Washington reversal on Ten Commandments display seen as victory for religious liberty

.- District of Columbia officials announced Monday that a sculpture of the Ten Commandments, which was erected on private property across the street from the U.S. Supreme Court, does not need a permit after all.  This morning, religious leaders tied to the monument expressed their satisfaction over what they are calling a victory for religious liberty.
 
Officials with the D.C. Department of Transportation had said in a June 2nd letter, that the evangelical Christian group Faith and Action did not have permission to erect the three-foot, 850-pound granite sculpture and threatened the group with fines of $300 per day.

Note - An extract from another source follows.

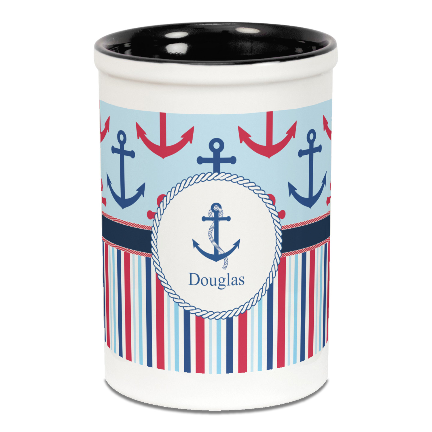A porthole circle showcases an anchor and rope in the coordinating colors. Add your child's name for that personalized designer's touch.

In spite of the threat, Faith and Action president, Rev. Robert Schenck, organized an official unveiling of the sculpture on June 3rd.  He contended that his group, which promotes public displays of the Ten Commandments, did not need a permit and that it was being singled out because of the display's religious nature.

Yesterday, the Washington Post reported that Lars Etzkorn, associate director of the office of public space management administration at the Transportation Department, sent a letter to the group, rescinding the earlier warning in view of the First Amendment.

Rev. Schenck said in a press release this morning, "We were shocked at how quickly the DC Government agreed to our position on our Ten Commandments display.”

The Reverend Patrick J. Mahoney, of the Christian Defense Coalition, said that the battle over the monument has significance in regards to the larger issue of religious liberty.  “We hope our refusal to remove the Ten Commandments, in spite of the threat of thousands of dollars in fines and loss of property, will serve as clear reminder that we must resist religious bigotry and discrimination on every level,” Rev. Mahoney said, “This is a victory not only for the faith community but for all Americans who cherish free speech and religious liberty."